Было в ней какое-то обаяние молодого и сильного тела, которое сказывалось в блеске ее глаз, в ее плавной походке, в манере высоко держать голову. Когда она улыбалась, хорошо блестели ее ровные зубы, обильно смоченные слюной. Ее руки прекрасно и золотисто загорали, и вся она розовела от солнца, от жары, от александрийских сквозняков. В те дни женщина еще казалась мне таинственной и запретной страной.
Теперь я уже не видел семейных сцен у моих соседей. Вечера я проводил вместе с Аней. Иногда было приятно просто посидеть в каком-нибудь кафе, где перед нами ставили на столик две маленьких чашечки кофе и стаканы с ледяной водой и оставляли в покое. Чаще всего мы посещали террасу кафе на набережной, откуда был виден весь старый круглый порт, форт Каит-Бея, флотилии рыбачьих шхун и время от времени медленно проходившие на горизонте каботажные пароходы с трубами почти на корме и маленькими уродливыми мачтами. Аня мечтательно и нежно смотрела, как за фортом Каит-Бей угасает ранняя египетская заря. Одна за другой рыбачьи лодки поднимали паруса и уходили в открытое море на рыбную ловлю.

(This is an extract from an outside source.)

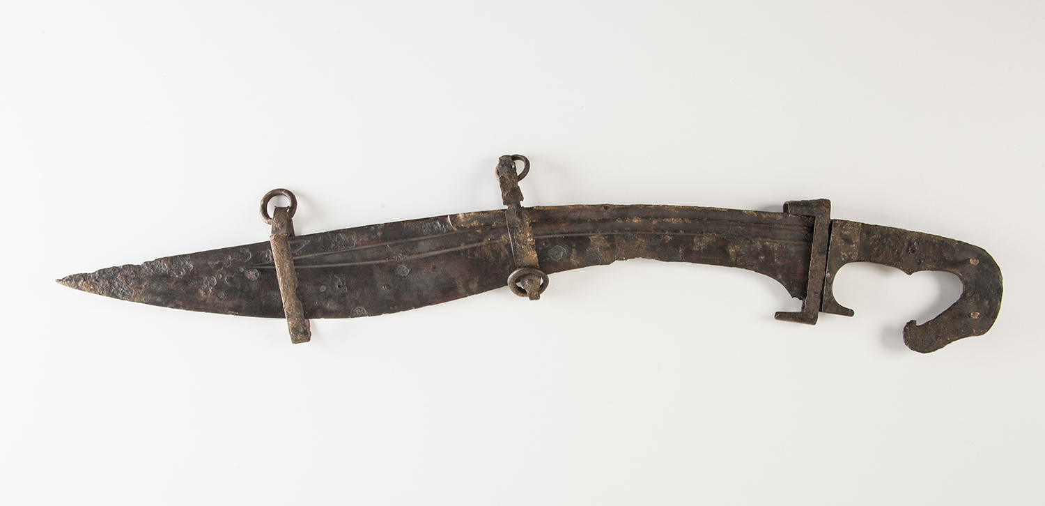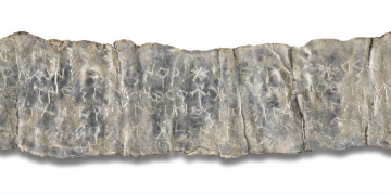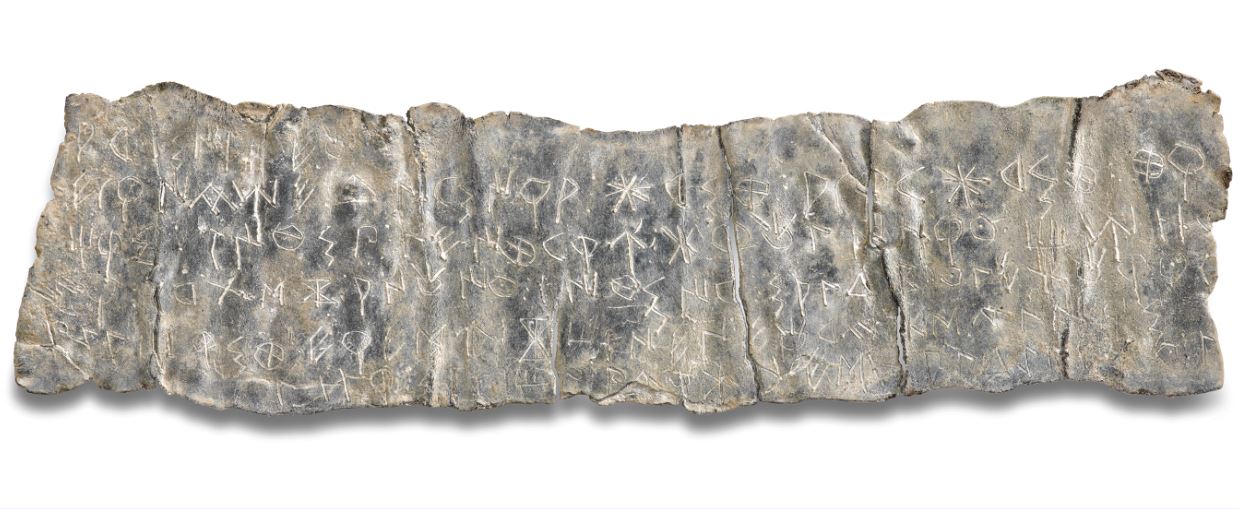 Inscripció sobre làmina de plom, possible carta comercial. Té forma rectangular allargada, amb contorns irregulars, i probablement va estar enrotllada en nou plecs. Puig de Sant Andreu, Ullastret, Baix Empordà. Plom. 300-200 aC . 40 × 155 mm . Museu d’Arqueologia de Catalunya - Ullastret (Núm. reg.: MAC ULL-03309), Foto: Josep Casanova

Она прекрасно умела слушать, большое достоинство в моих глазах, потому что в те дни меня распирало от впечатлений и поэтических воспоминаний. Я рассказывал ей об Александрии, о Каллимаке и буйном Арии, и мне было приятно, что я открываю ей неизвестный для нее мир, населенный древними тенями. И когда я показывал ей пустыри с обломками колонн, под которыми когда-то размахивал руками и брызгал слюной Арий, она гладила рукой прохладный гранит потонувшего мира и смотрела перед собой расширенными глазами, точно в самом деле под ними шумела буйная александрийская чернь, клокотал огромный и страстный александрийский мир, крепко заправленный аттическою солью, восточными специями и острым иудейским чесноком. Что она знала об Арии? Только то, что его судили за ересь на каком-то Никейском соборе и отлучили от Церкви, и вот она стояла на том месте, где полторы тысячи лет тому назад поднимались прохладные портики св. Марка.

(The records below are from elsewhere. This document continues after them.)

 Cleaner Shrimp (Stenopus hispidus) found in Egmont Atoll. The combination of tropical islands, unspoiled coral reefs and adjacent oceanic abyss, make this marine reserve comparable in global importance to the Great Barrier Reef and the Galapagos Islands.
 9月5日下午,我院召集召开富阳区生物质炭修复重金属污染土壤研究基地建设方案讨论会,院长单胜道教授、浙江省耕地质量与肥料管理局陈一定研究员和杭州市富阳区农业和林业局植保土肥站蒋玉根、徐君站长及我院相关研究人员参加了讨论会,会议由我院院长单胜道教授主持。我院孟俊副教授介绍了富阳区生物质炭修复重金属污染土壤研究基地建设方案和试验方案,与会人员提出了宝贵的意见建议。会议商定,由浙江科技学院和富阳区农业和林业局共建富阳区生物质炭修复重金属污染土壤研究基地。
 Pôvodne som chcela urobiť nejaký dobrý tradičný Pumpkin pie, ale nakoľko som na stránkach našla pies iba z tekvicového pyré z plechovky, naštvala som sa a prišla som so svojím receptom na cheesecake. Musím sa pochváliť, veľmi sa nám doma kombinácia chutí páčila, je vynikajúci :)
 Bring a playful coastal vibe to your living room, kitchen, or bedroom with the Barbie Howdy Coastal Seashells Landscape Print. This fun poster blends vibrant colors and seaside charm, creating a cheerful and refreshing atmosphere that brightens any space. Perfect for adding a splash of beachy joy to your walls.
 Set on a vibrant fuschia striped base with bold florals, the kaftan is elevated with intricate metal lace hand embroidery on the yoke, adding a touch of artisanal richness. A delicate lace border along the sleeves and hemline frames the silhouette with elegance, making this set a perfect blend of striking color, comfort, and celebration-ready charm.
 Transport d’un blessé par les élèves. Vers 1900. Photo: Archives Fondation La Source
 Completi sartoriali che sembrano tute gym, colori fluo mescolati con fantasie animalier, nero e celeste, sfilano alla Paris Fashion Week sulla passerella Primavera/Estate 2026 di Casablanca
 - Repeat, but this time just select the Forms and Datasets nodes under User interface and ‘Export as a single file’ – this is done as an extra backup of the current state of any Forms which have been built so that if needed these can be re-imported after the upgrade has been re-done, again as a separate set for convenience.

Мне нравилась в Ане эта чисто женская восприимчивость, способность понимать на полуслове при полном отсутствии всяких творческих способностей. Ей трудно было написать самое обыкновенное письмо, и они выходили у нее наивными, как у ребенка, но в книгах она умела останавливаться на самых ценных страницах а в стихах находить самые прелестные строки.
Увы, я ничего не мог ей предложить, кроме этих рассказов, почерпнутых из случайно прочитанных книг. Только изредка я покупал ей у назойливых уличных торговцев десяток свежих красных роз. От этих роз веяло прохладой и немножко парфюмерным розовым маслом. Иногда Аня давала мне две-три розы из букета, и это было единственным украшением моей конуры.
Однажды утром я бросил одну из этих роз в окно своей соседке. Я видел, как она подняла розу с пола, удивленно понюхала цветок и подошла к окну. Нахмурив брови, она осматривала окна верхних этажей, не догадываясь посмотреть на маленькое окошко пристройки. Так, держа розу в руках, она постояла у окна, еще раз посмотрела на окна и скрылась. Ничего она интересного в этих окошках, кроме своих тучных соседок, чудака-англичанина и развешенного после стирки белья, обнаружить не могла.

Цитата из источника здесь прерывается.